The input:
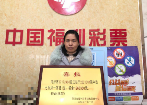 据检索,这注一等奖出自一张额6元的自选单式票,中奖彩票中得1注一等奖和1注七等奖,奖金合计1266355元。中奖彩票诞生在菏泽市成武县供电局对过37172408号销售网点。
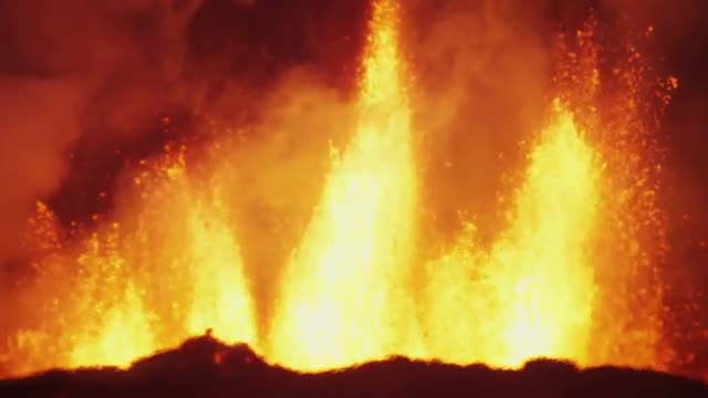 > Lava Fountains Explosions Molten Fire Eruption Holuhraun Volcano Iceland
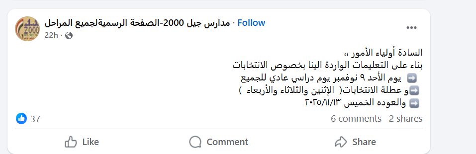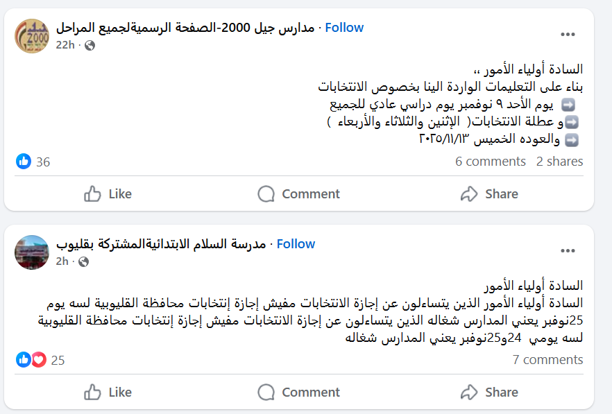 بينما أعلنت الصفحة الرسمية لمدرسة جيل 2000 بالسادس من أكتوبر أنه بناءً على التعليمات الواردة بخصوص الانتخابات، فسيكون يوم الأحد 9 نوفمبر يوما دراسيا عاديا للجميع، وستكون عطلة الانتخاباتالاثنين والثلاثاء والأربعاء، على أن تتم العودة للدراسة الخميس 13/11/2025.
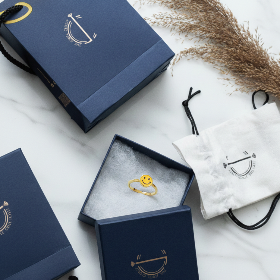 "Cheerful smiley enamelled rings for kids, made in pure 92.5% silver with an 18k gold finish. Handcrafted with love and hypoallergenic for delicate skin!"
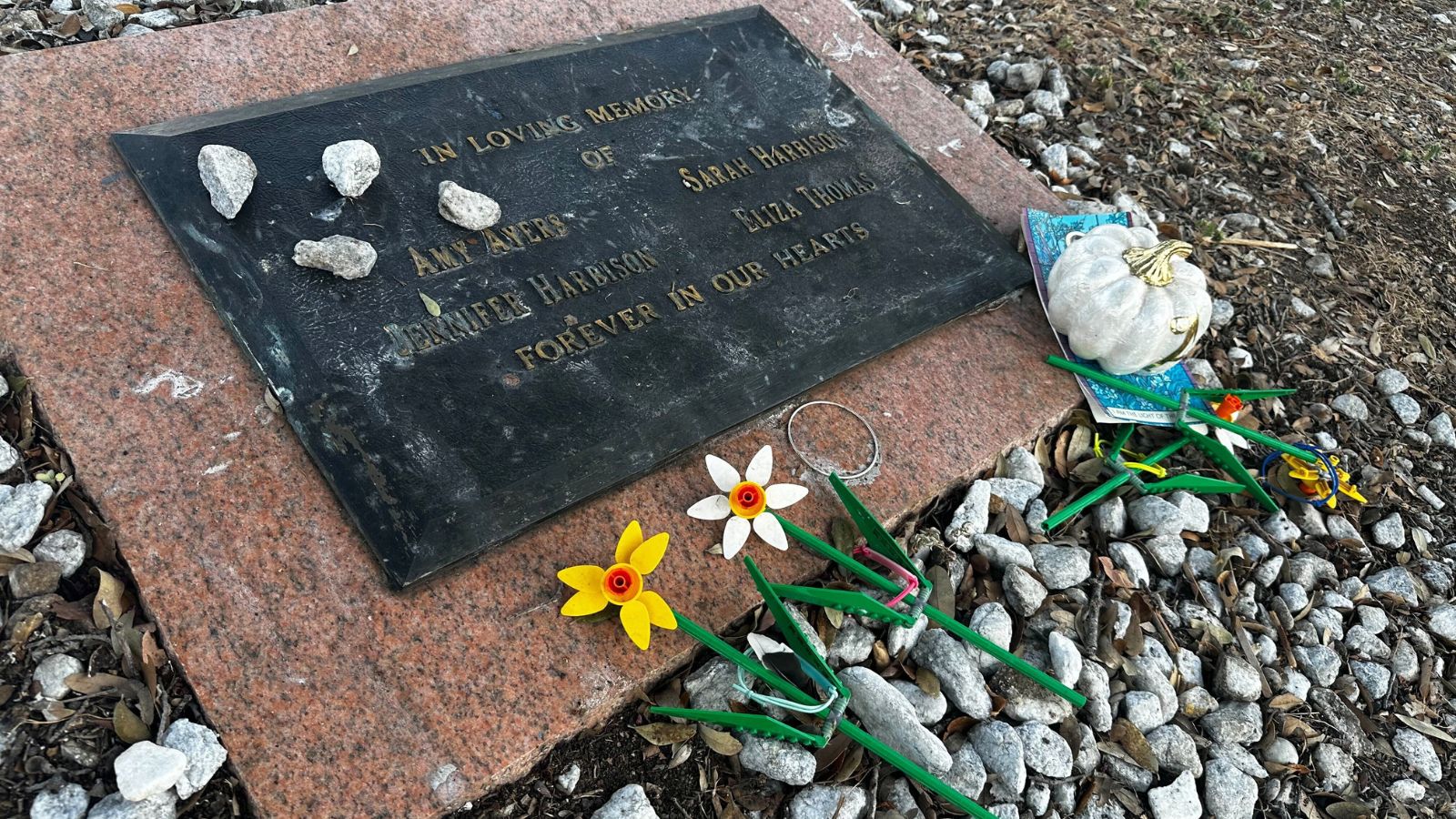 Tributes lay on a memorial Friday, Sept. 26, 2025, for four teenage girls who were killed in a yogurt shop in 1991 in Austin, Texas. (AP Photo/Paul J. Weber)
...
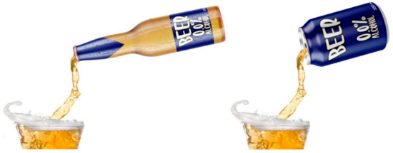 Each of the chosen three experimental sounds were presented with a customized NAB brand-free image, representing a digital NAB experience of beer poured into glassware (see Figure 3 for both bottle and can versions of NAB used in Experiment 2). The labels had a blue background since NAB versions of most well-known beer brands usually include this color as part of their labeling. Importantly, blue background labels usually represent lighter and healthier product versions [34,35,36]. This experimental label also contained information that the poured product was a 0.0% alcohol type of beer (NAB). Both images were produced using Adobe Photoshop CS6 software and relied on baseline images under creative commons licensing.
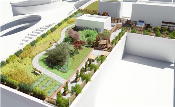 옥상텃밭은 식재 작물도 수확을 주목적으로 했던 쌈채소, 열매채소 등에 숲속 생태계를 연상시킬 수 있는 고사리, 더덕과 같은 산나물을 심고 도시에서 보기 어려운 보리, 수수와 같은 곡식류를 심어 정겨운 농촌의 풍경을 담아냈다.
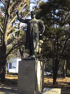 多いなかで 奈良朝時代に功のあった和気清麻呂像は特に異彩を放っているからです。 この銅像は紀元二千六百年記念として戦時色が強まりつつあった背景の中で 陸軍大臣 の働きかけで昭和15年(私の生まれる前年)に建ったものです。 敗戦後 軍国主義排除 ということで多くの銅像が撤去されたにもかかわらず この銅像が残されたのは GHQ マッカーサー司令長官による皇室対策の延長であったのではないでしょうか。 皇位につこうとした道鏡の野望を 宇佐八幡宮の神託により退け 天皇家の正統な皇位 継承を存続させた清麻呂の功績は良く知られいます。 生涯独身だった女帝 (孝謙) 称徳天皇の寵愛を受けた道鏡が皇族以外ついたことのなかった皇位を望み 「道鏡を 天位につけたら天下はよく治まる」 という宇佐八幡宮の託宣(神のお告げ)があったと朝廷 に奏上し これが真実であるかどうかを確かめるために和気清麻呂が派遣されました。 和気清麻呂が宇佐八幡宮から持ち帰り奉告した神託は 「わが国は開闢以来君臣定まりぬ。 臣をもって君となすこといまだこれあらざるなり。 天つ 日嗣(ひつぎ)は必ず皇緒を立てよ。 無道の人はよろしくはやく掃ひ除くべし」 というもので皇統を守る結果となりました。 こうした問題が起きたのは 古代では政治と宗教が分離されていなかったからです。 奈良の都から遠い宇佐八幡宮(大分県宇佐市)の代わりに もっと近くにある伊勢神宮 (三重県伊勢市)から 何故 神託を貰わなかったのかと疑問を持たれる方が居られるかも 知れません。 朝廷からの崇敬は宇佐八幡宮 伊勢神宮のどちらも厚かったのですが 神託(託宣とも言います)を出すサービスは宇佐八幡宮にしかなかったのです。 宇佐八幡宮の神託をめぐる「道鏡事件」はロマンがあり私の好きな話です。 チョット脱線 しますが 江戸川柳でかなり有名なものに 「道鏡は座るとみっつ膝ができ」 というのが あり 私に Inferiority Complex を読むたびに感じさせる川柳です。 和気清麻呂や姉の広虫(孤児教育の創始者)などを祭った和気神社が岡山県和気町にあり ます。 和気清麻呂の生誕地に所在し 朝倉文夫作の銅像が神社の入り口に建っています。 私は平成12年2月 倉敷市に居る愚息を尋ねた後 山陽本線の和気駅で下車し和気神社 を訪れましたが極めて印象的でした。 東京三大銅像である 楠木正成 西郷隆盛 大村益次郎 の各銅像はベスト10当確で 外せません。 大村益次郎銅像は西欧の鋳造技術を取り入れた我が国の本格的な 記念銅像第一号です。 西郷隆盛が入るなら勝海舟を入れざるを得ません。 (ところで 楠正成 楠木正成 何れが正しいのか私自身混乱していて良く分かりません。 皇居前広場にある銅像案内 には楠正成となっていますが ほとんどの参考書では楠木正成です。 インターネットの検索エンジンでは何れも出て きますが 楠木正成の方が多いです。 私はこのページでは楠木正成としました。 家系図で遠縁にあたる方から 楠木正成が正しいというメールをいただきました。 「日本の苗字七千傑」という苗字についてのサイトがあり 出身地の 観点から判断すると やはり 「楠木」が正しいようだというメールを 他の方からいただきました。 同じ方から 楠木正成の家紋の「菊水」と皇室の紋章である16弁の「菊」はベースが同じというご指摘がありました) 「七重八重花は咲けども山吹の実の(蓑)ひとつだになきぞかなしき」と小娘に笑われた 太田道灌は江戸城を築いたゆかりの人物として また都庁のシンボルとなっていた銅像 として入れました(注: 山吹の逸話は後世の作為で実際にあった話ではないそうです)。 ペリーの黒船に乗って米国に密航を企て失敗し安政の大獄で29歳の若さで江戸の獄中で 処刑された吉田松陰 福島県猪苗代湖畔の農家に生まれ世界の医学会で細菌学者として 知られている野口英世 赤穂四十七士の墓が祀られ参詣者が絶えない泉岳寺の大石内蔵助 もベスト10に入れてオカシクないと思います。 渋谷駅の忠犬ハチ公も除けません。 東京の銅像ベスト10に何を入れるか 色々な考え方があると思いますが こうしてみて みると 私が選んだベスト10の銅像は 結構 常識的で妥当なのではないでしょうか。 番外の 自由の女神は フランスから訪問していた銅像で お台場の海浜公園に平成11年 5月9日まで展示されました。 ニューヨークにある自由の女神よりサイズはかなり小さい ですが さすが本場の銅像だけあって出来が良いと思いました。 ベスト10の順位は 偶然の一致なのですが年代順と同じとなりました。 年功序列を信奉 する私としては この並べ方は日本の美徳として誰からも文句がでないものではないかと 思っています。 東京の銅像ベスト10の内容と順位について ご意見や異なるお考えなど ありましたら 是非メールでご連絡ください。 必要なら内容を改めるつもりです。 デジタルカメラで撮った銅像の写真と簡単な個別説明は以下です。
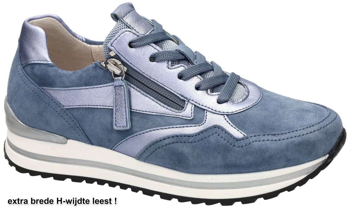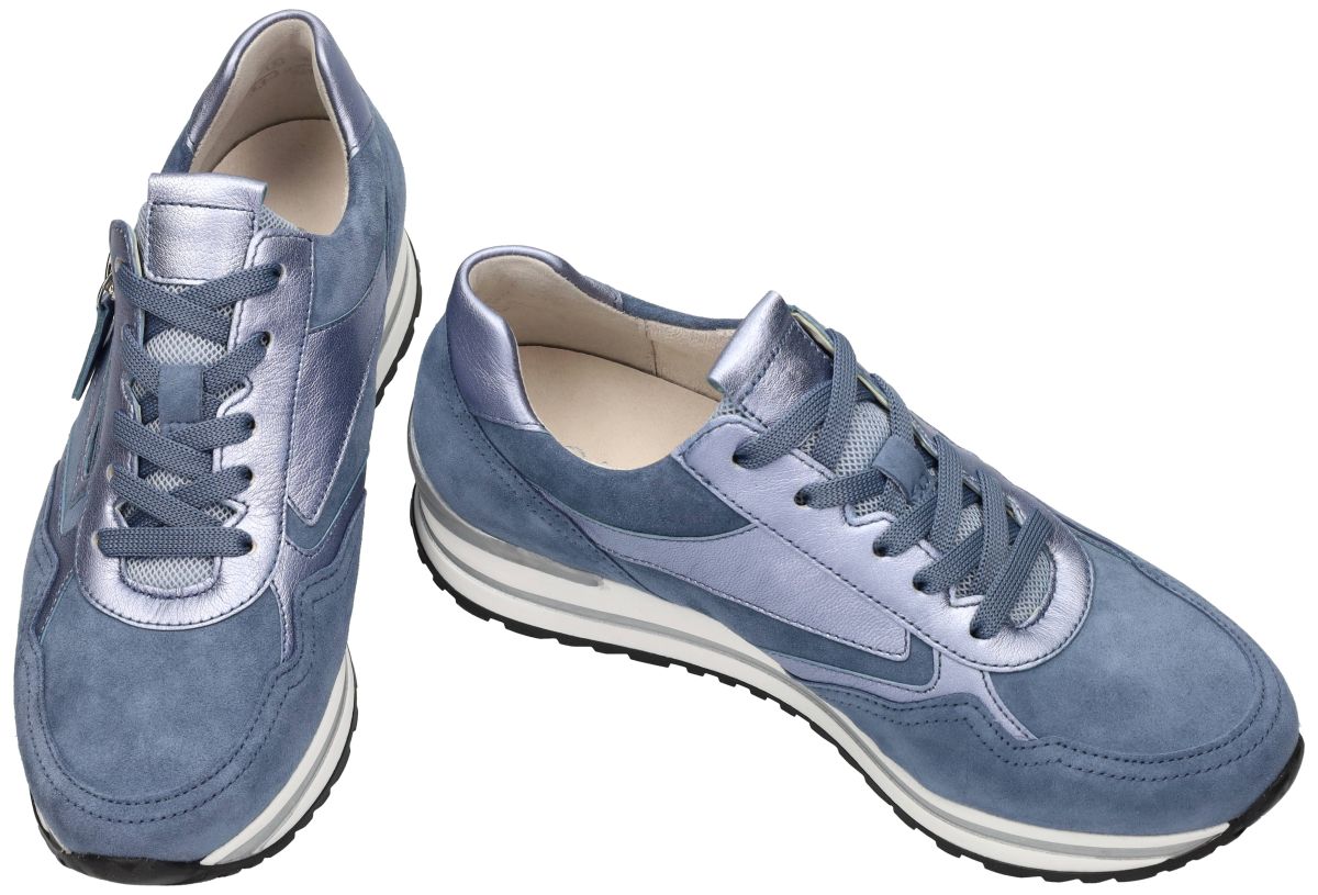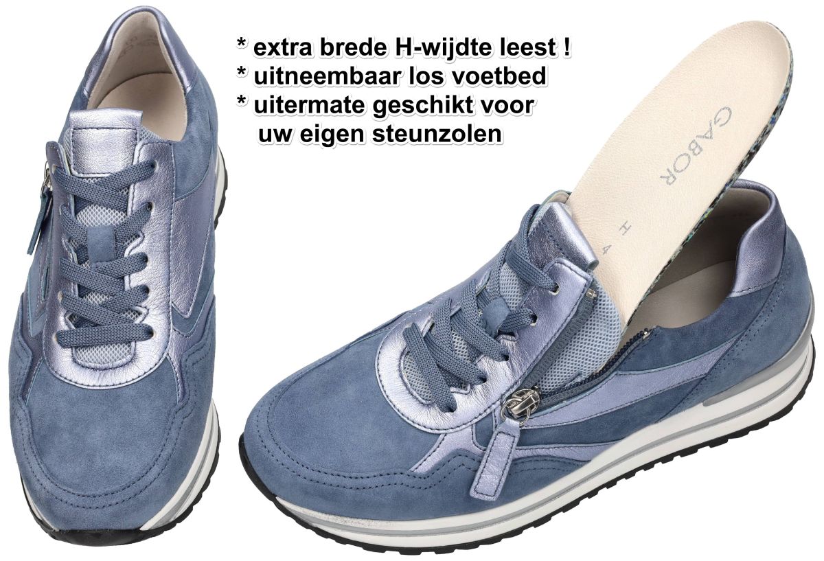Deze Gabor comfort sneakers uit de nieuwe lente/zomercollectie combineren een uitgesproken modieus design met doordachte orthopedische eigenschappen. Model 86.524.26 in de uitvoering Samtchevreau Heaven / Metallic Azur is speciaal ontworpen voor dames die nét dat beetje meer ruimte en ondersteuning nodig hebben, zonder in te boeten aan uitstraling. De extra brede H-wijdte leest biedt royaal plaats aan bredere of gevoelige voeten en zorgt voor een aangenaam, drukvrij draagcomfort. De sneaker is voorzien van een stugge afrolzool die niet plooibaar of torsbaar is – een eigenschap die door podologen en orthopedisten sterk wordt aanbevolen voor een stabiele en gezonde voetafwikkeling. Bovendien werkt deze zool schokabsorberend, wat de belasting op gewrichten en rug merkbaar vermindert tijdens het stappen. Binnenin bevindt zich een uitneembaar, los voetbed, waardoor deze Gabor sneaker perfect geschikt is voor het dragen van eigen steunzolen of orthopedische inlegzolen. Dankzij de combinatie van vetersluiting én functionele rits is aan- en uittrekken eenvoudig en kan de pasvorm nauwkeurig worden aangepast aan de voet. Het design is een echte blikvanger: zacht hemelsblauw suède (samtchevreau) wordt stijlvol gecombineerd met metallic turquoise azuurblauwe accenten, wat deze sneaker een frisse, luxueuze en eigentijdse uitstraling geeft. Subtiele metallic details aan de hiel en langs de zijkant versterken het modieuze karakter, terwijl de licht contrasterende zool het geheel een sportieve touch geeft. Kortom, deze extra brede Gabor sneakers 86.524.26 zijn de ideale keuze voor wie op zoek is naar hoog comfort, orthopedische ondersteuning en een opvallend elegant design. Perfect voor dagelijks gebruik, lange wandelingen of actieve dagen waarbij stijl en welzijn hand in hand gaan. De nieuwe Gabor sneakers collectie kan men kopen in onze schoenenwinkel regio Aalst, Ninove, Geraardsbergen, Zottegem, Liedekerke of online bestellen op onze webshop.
==
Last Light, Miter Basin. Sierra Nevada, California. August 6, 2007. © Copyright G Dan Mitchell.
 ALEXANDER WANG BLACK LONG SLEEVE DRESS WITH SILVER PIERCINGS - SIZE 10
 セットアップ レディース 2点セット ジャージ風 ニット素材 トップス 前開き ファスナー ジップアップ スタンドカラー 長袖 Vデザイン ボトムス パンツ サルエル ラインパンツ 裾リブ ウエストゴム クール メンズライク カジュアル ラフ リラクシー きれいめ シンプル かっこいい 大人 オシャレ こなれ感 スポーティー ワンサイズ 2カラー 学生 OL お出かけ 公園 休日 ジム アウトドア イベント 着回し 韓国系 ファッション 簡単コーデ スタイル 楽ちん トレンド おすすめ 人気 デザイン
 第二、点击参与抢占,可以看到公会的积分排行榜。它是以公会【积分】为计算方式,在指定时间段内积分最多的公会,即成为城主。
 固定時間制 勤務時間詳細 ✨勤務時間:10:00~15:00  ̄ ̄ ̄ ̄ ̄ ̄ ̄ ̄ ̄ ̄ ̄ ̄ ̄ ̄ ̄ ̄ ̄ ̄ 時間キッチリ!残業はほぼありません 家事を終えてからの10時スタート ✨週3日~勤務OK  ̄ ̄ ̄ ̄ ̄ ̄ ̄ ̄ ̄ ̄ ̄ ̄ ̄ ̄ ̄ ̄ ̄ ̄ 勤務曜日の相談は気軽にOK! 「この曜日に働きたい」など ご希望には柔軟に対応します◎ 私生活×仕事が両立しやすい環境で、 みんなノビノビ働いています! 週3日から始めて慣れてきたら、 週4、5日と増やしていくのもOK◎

Task directions: What do the entries above read from the line containing "Holuhraun Volcano Iceland" through the line containing "Tributes lay on"? Output those lines exactly, both ends included, with the pictures left out.

Task answer:
 > Lava Fountains Explosions Molten Fire Eruption Holuhraun Volcano Iceland
 بينما أعلنت الصفحة الرسمية لمدرسة جيل 2000 بالسادس من أكتوبر أنه بناءً على التعليمات الواردة بخصوص الانتخابات، فسيكون يوم الأحد 9 نوفمبر يوما دراسيا عاديا للجميع، وستكون عطلة الانتخاباتالاثنين والثلاثاء والأربعاء، على أن تتم العودة للدراسة الخميس 13/11/2025.
 "Cheerful smiley enamelled rings for kids, made in pure 92.5% silver with an 18k gold finish. Handcrafted with love and hypoallergenic for delicate skin!"
 Tributes lay on a memorial Friday, Sept. 26, 2025, for four teenage girls who were killed in a yogurt shop in 1991 in Austin, Texas. (AP Photo/Paul J. Weber)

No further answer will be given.